Thorn glanced at the screen, then back at Jimmy Lee Webster. The pompous shrimp had perched his butt on the edge of the long chest of drawers. His black leather shoes dangling inches above the floor. A Napoléon in blue jeans and white button-down. America's secret admiral. A man who had learned to swagger before most kids could crawl. If the future of the free world depended on the likes of Jimmy Lee Webster, then freedom had a short half-life.

“The individual who is organizing these groups of pirates may or may not be Daniel Salbone. We don't know that he's alive, but this project has all his earmarks. We know Salbone to be highly intelligent and ambitious. He's a charismatic young man and can be quite persuasive. There aren't many people who could bring together such
disparate bands of outlaws, warring factions in some cases, but Daniel Salbone is one of the few who could manage it. And this theory would certainly explain why Salbone felt he had to resort to killing his own crew. It was done so he might convince his new associates he'd outwitted his pursuers and therefore they might be more willing to join with him in this new enterprise.”

“Count me out,” Thorn said. “Unless I hear how any of this gets Janey back, the whole goddamn world could fill up with pirates for all I care.”

Webster grimaced and shook his head like some dismayed math teacher whose student has made the most basic error in addition.

“But you see, you
are
going to do it, Thorn. You have no choice.”

“Look, Jimmy Lee, even if I agreed, Anne Joy has no interest in me. When we parted, it was final. She left no doubt about that.”

“You'll simply employ your much-vaunted magnetism.”
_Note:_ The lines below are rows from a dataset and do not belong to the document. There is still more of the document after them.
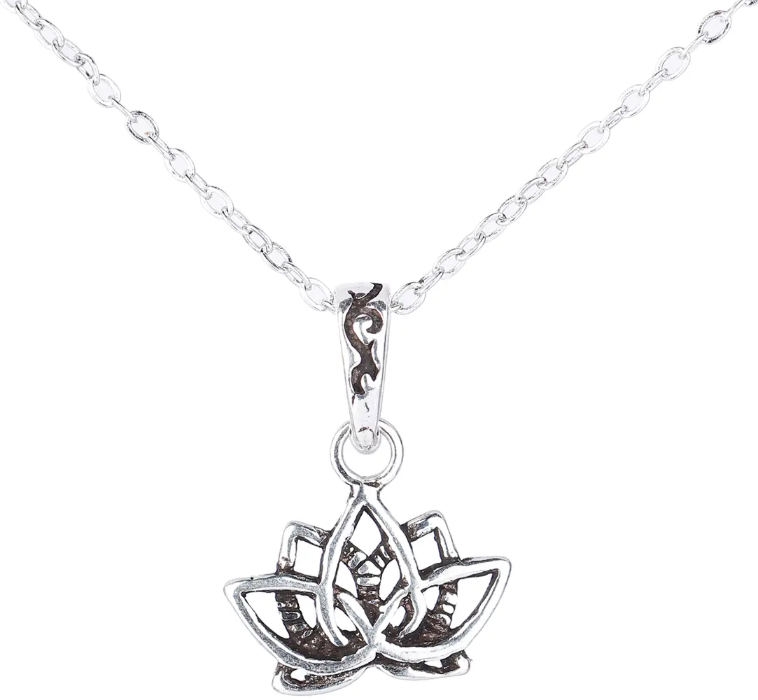 Discover the exquisite beauty and profound symbolism of this sterling silver lotus pendant. The lotus flower, a revered motif across many cultures and spiritual traditions, particularly within Hinduism, represents purity, enlightenment, rebirth, and spiritual awakening. This pendant captures the essence of this sacred bloom with its intricate, openwork design, allowing light to play through its delicate petals.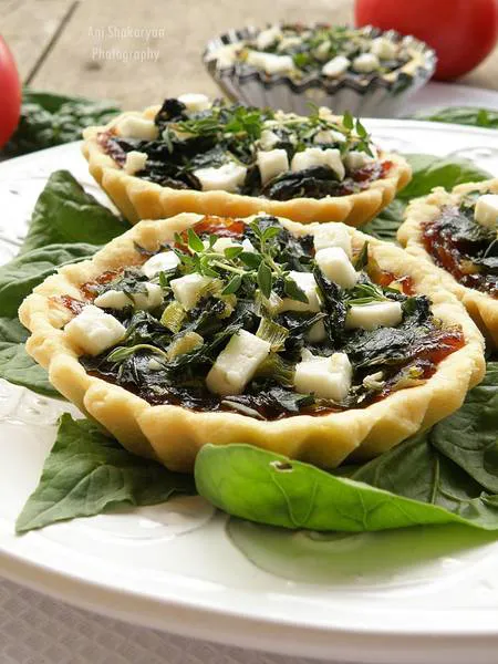 Рецептата, която ви представям е невероятна. Комбинация от сладко-солен вкус, който остава дълго на небцето. Приготвих тарталетките с пресен, свеж, био спанак, домашно сладко от лук и домашно козе сирене Козле, отлежало 120 дни.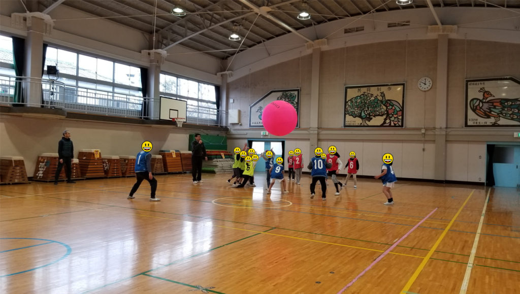 キンボールスポーツはカナダで生まれたバレーボールに似た室内で行うNEWスポーツです。3チームが同時にコートに入り、122㎝の大きなボールを打ち合って落とさないように拾い合い点数を争います。本来は1チーム4名制で行いますが、今回は低学年の子どもたちも参加しているので1チーム5名制で行いました。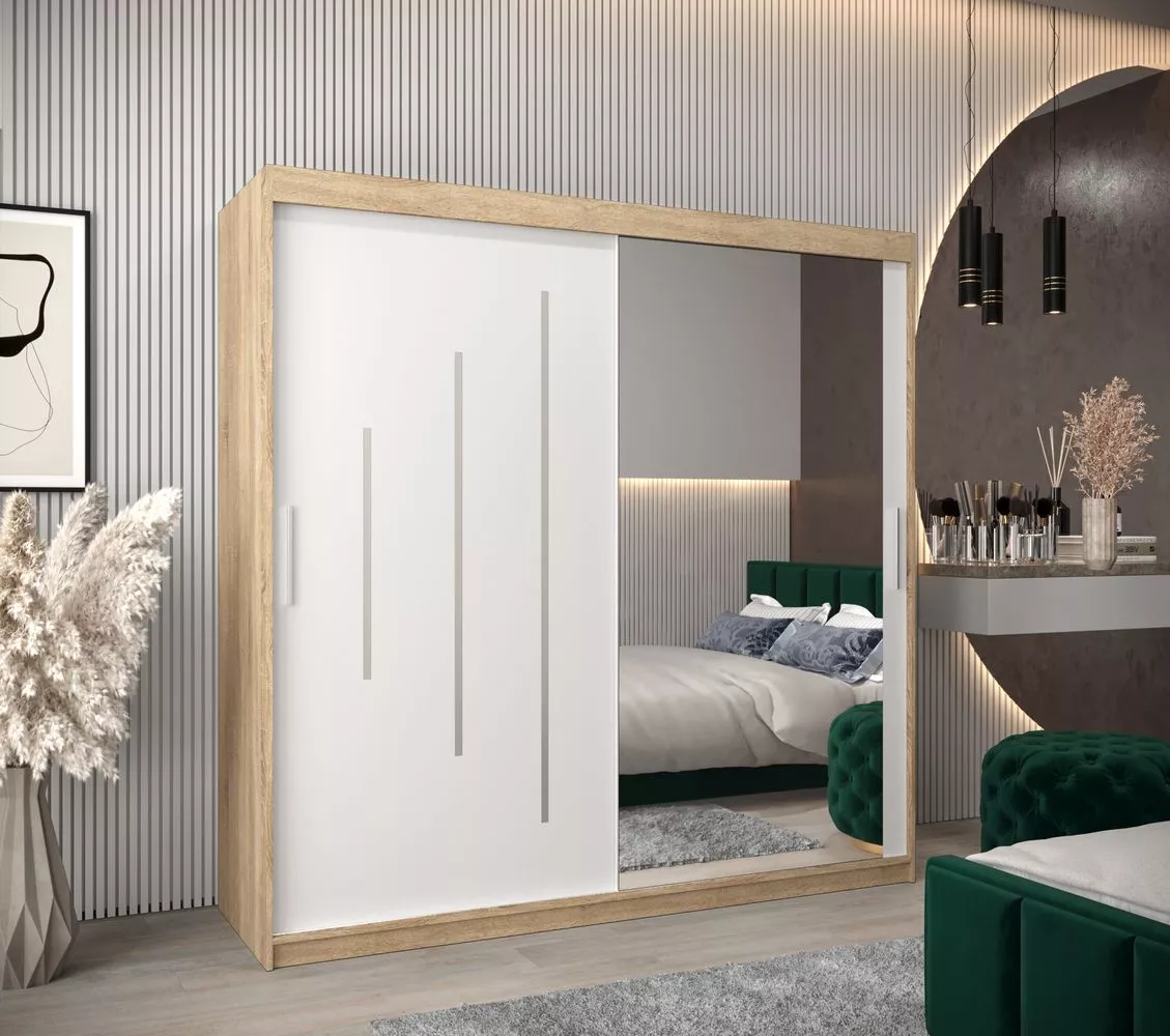 Šatní skříň se zrcadlem HANAH - šířka 200 cm, dub sonoma / bílá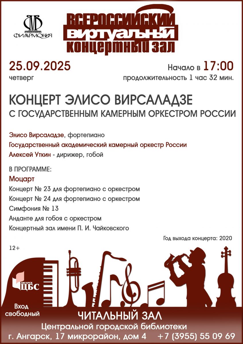 Поклонники творчества великого Моцарта будут в восторге! В программе, предлагаемой виртуальным концертным залом ангарской библиотеки, прозвучат известные произведения австрийского композитора. Вы услышите концерт № 23 для фортепиано с оркестром, концерт № 24 для фортепиано с оркестром, симфонию № 13 и анданте для гобоя с оркестром в исполнении музыкантов Государственного академического камерного оркестра России под управлением дирижера Алексея Уткина.

“Why not use one of your agents? Some tall dashing type like Zashie here. He can hit on Anne Joy just as easily as I can. You don't need me.”

“Daniel Salbone has already taken a special interest in you, Thorn. He knows your name. He knows you have an intimate history with Anne.”

“Forget it, Webster. It isn't happening.”

“All you have to do is make an effort, Thorn. Make it appear things are heating up between you and Anne. I'm not saying you have to take this woman to bed and give her the mother of all orgasms. You simply have to create the illusion of intimacy. If it works, fine. If we're wrong about Salbone being alive and Marty's reason for being back in Key Largo, then we've lost nothing from our attempt.”

“Except the life of a little girl.”

“I told you, Thorn, she's safe. She's under our protection.”

“So I'm supposed to bring Anne flowers and bonbons, write her poems. That's going to fool Marty?”

“All right, look,” Webster said. “For reasons that elude me, Vic Joy wants your parcel of land. Apparently the man believed he needed to do something extreme to motivate you into selling it to him, so he's holding your friend's daughter hostage. While the plan might seem idiotic and doomed to failure, when I became aware of it I
realized how effectively it might dovetail with our own needs. Because by then I'd discovered what apparently Vic Joy had already realized: that you, Thorn, would require an extra motivational boost.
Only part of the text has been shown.